EXERCISE INPUTS:

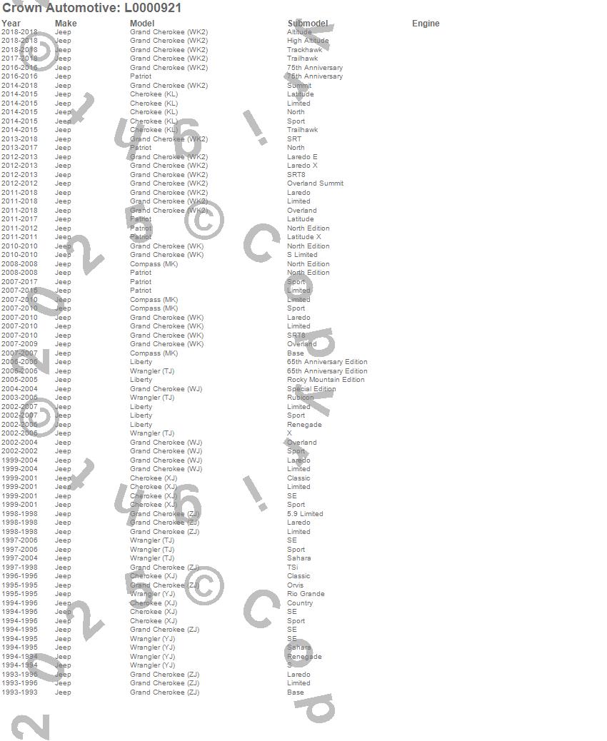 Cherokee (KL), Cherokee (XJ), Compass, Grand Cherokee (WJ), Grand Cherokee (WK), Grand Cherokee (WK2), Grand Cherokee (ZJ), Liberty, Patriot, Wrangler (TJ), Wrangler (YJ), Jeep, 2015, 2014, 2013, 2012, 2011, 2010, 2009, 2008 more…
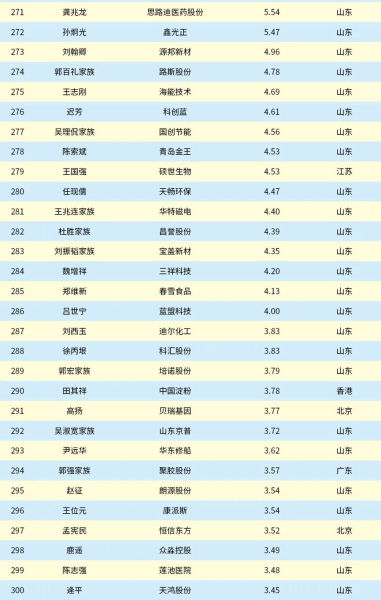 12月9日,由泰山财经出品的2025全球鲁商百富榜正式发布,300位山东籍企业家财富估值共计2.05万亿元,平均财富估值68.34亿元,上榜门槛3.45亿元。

==

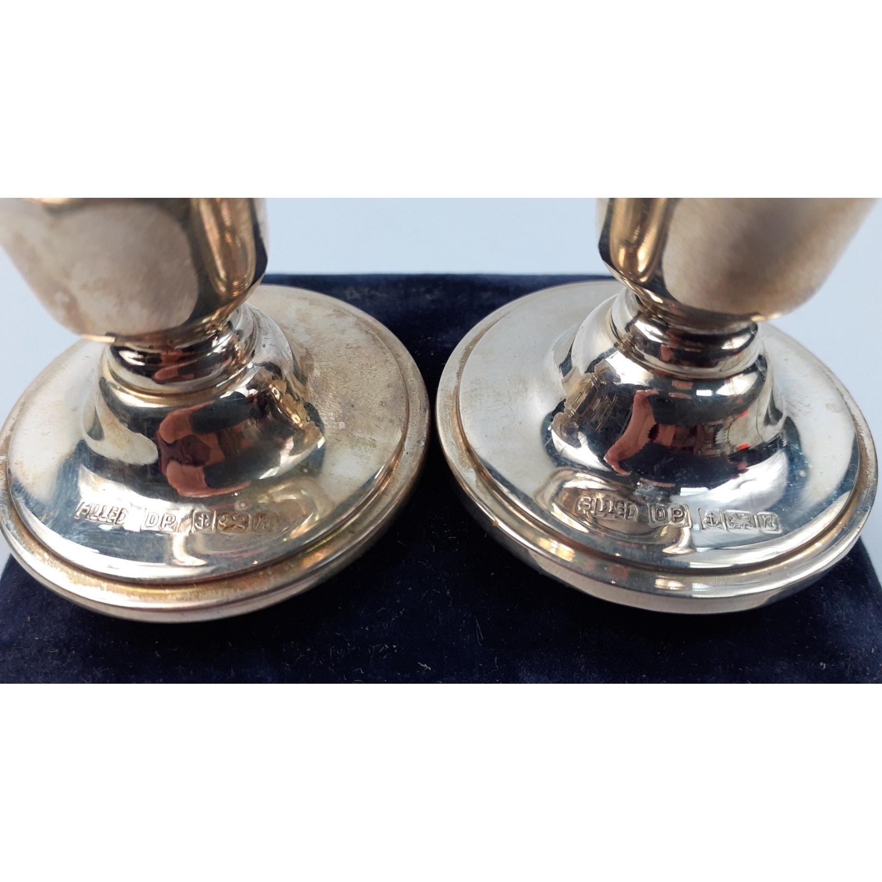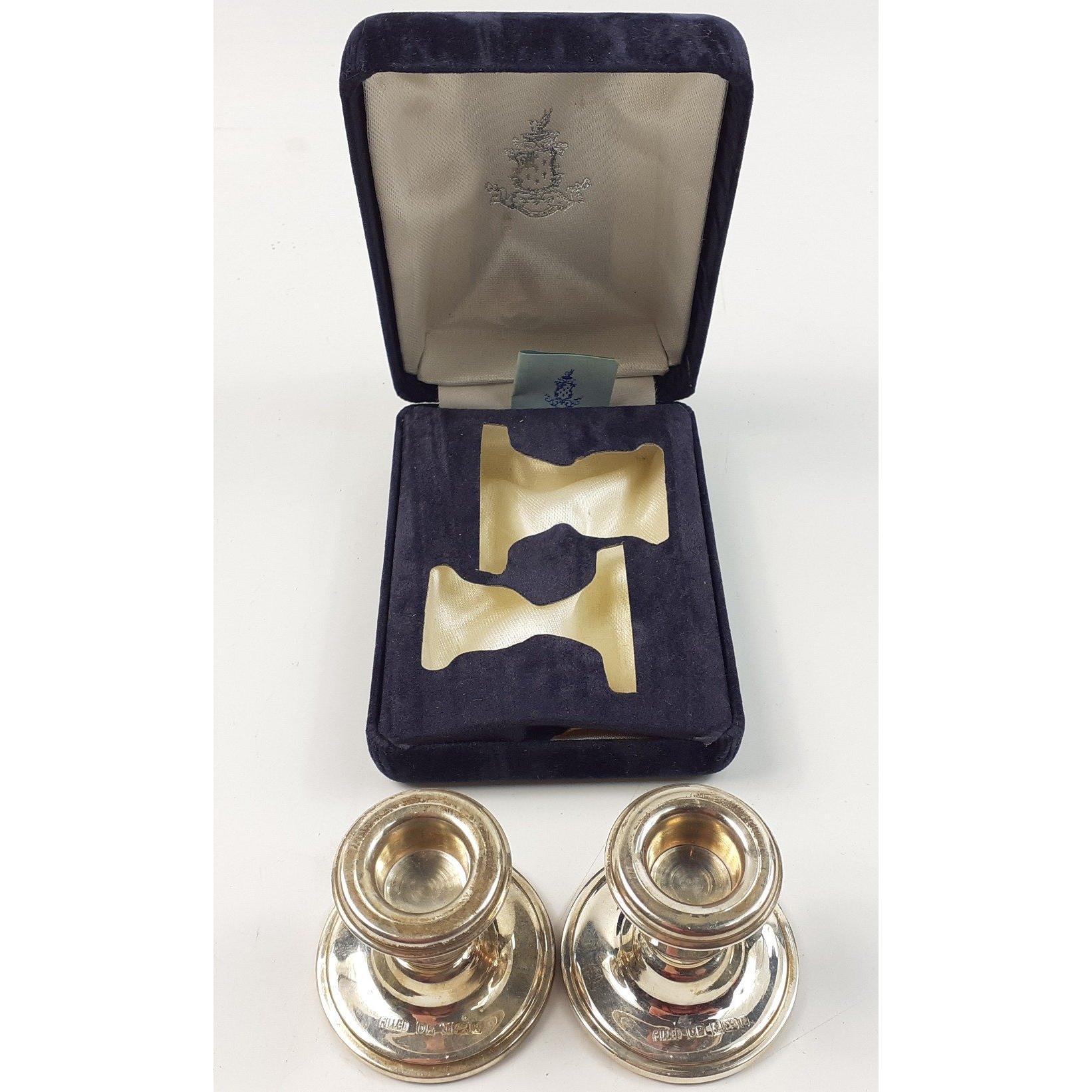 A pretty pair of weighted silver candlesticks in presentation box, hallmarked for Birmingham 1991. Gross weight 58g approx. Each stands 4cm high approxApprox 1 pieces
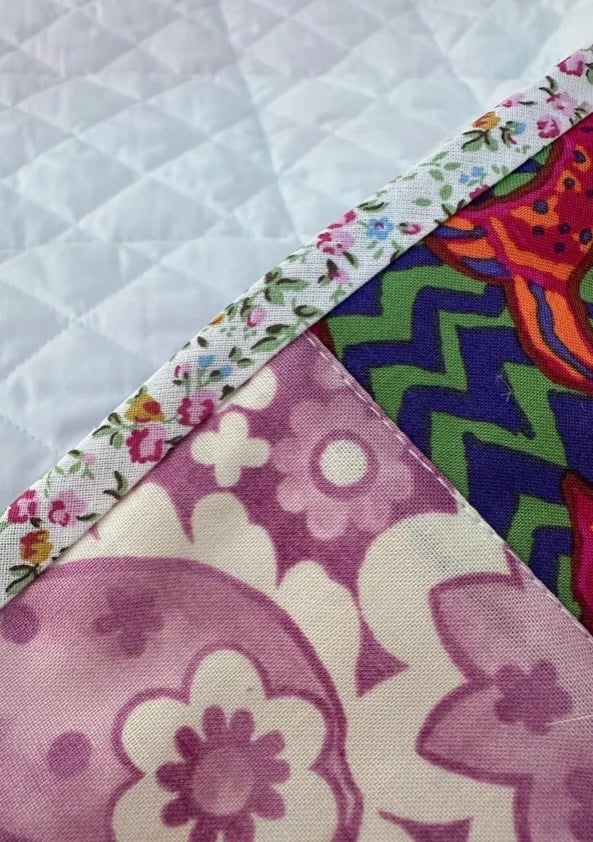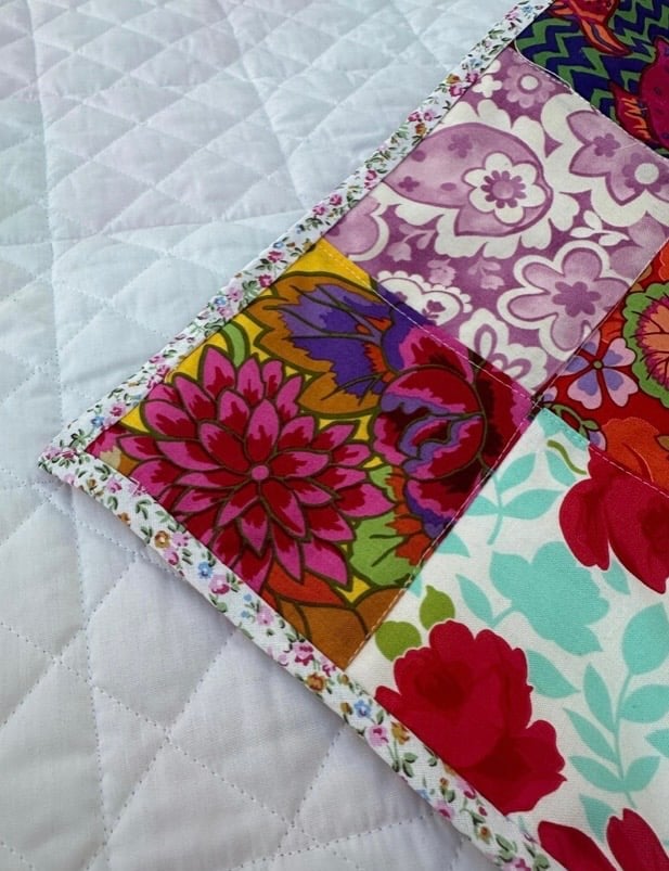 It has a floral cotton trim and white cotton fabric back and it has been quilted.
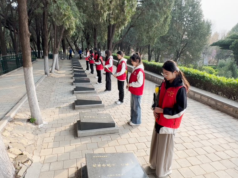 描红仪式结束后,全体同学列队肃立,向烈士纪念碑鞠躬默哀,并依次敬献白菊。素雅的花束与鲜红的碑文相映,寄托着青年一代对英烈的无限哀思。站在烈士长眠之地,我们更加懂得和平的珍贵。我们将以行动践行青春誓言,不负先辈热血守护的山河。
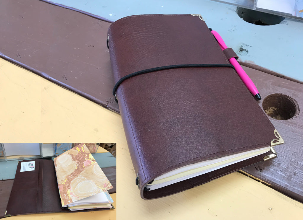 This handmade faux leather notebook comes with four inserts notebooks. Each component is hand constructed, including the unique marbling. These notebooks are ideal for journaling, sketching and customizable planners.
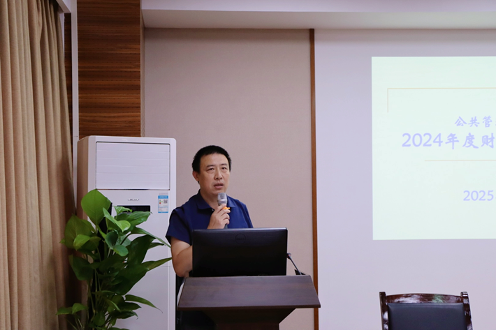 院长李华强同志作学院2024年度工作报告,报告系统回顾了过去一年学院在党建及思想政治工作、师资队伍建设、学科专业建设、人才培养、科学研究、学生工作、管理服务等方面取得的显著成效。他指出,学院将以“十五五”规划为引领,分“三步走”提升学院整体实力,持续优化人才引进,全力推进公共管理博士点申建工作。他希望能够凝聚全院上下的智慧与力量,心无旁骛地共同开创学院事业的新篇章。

...

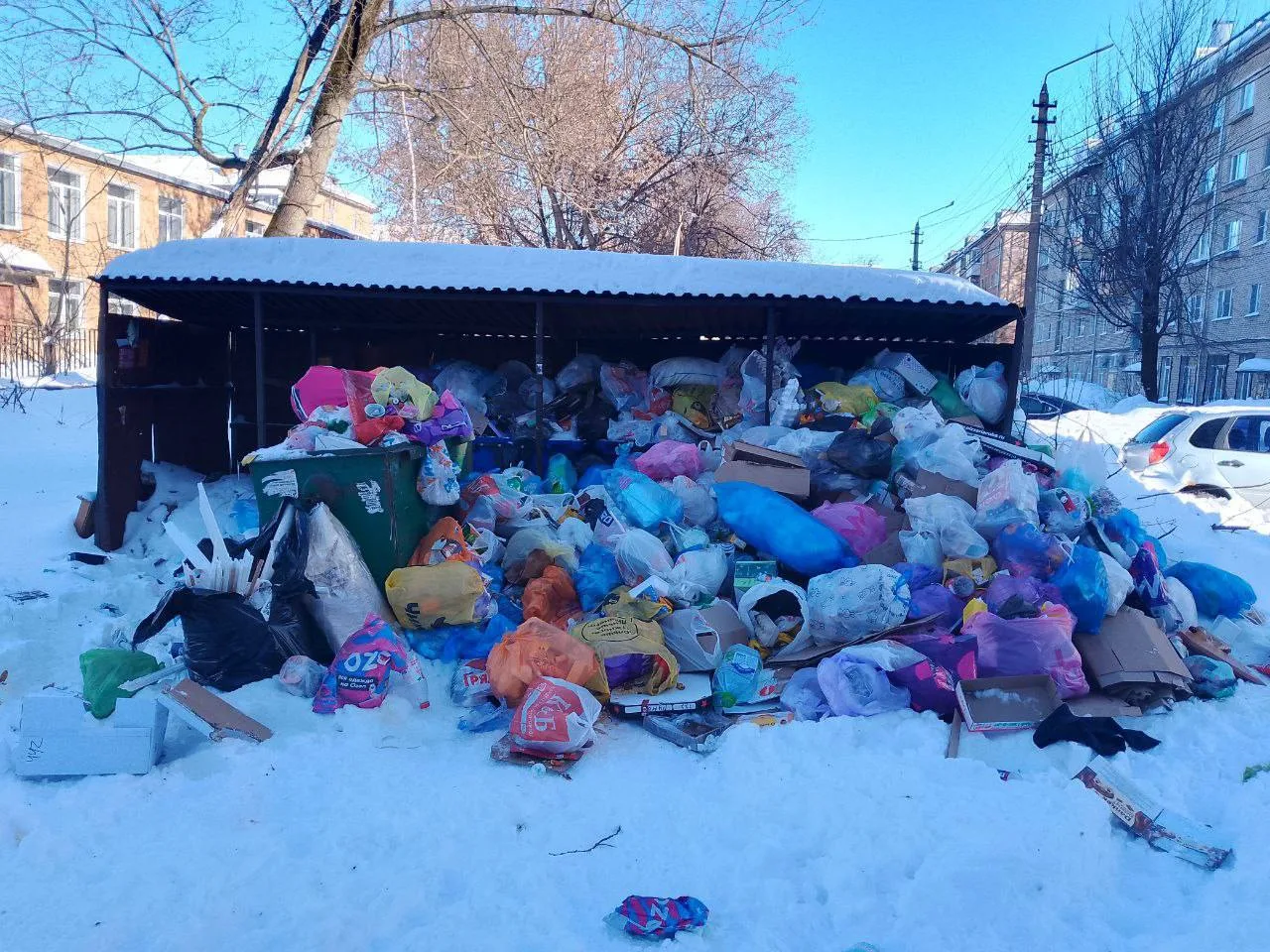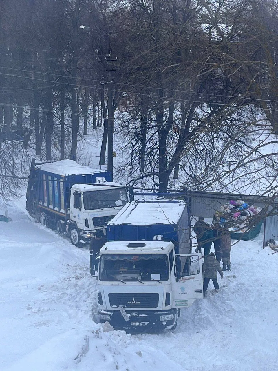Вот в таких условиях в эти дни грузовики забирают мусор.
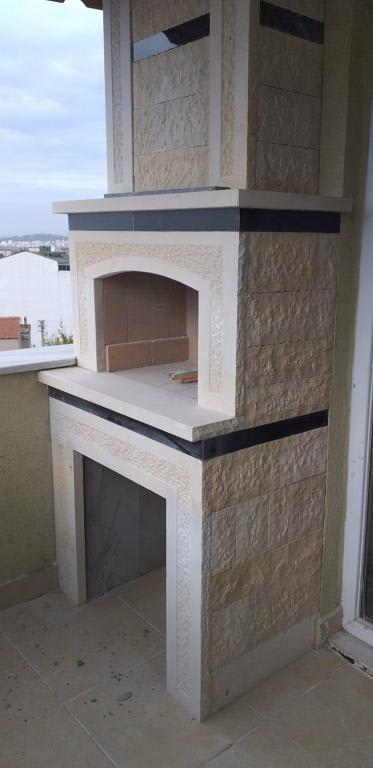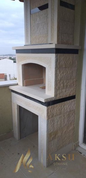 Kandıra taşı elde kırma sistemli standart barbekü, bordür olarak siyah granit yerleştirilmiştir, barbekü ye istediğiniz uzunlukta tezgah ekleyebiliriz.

WHAT TO PRODUCE: Start with the line above containing "A pretty pair" and end with the line containing "院长李华强同志作学院2024". Set down that stretch exactly, without any pictures.

RESPONSE BELOW:
 A pretty pair of weighted silver candlesticks in presentation box, hallmarked for Birmingham 1991. Gross weight 58g approx. Each stands 4cm high approxApprox 1 pieces
 It has a floral cotton trim and white cotton fabric back and it has been quilted.
 描红仪式结束后,全体同学列队肃立,向烈士纪念碑鞠躬默哀,并依次敬献白菊。素雅的花束与鲜红的碑文相映,寄托着青年一代对英烈的无限哀思。站在烈士长眠之地,我们更加懂得和平的珍贵。我们将以行动践行青春誓言,不负先辈热血守护的山河。
 This handmade faux leather notebook comes with four inserts notebooks. Each component is hand constructed, including the unique marbling. These notebooks are ideal for journaling, sketching and customizable planners.
 院长李华强同志作学院2024年度工作报告,报告系统回顾了过去一年学院在党建及思想政治工作、师资队伍建设、学科专业建设、人才培养、科学研究、学生工作、管理服务等方面取得的显著成效。他指出,学院将以“十五五”规划为引领,分“三步走”提升学院整体实力,持续优化人才引进,全力推进公共管理博士点申建工作。他希望能够凝聚全院上下的智慧与力量,心无旁骛地共同开创学院事业的新篇章。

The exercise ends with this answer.